The RsmC active site. A, AdoMet binding in the active site. AdoMet and guanosine are shown as yellow and salmon sticks, respectively. Solvent water molecules are shown as red spheres. B, final SigmaA-weighted 2Fo - Fc electron density map of the active site region contoured at 1σ. C, guanosine binding in the active site. D, comparison of side chain orientation in the noncatalytic N-terminal domain with the active site region of the catalytic domain. Residues in the N-terminal domain are colored red and yellow. The C-terminal domain and AdoMet bound in the catalytic domain are shown in gray for reference.

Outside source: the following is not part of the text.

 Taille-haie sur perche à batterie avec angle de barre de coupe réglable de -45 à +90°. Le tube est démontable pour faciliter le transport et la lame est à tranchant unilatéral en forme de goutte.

The comparison of the cofactor-binding site in the catalytic domain with the equivalent region in the N-terminal domain shows the key differences rendering the N-terminal domain noncatalytic (Fig. 3D). Hydrophobic interactions of Val-318 and Glu-262 with the adenine base have been replaced with hydrogen-bonding Tyr-117 and Thr-74. More significantly, Arg-28, Arg-113, Asn-53, and His-35 extend into the cofactor-binding pocket precluding any AdoMet binding in the N-terminal domain. Instead, the role of this domain may be to engage in substrate-rRNA interactions. Consistent with this notion, Arg-28 and Arg-113 cooperate to bind the sulfate ion in the N-terminal domain and by analogy might function in coordinating a phosphate group from the substrate rRNA.

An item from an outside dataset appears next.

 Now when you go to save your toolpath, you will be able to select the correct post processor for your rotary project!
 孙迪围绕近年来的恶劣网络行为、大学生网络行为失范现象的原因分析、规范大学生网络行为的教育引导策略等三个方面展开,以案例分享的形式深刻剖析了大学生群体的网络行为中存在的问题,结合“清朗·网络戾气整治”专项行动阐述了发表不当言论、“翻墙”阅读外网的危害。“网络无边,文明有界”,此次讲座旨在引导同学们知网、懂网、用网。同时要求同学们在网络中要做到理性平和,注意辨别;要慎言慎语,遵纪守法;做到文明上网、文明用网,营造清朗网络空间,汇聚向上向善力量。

Guanosine Binding in the RsmC Active Site—The position of the guanosine molecule in the active site is mainly determined by a hydrophobic stacking interaction with the Phe-308 side chain and two hydrogen bonds of Asn-305 and Asp-213 with the substrate N2 nitrogen atom (Fig. 3C). Another hydrogen bond is established between Tyr-365 and the ribose oxygen atoms, and several solvent water-mediated hydrogen bonds are formed to the other nitrogen atoms and the carbonyl group of the base. The two hydroxyl groups of the ribose moiety are oriented toward the protein surface and are not engaged in hydrogen bonds with ordered solvent water molecules. Comparison of the guanosine-bound RsmC1 structure with the substrate-free RsmC2 structure shows that the Asn-341 side chain occupies the position of the guanosine N7 atom and that the Asn-341 side chain rotates by about 120° upon guanosine binding. In addition, the side chains of Asp-213, Phe-308, and Tyr-365 reorient slightly when guanosine is bound (supplemental Fig. S2C). To investigate the possibility that adenosine might also bind in the active site of RsmC, we performed the same experiment with adenosine instead of guanosine. However, there was no indication of adenosine binding in a 2.2-Å diffraction data set from crystals obtained under the same conditions as the guanosine-bound crystals (data not shown).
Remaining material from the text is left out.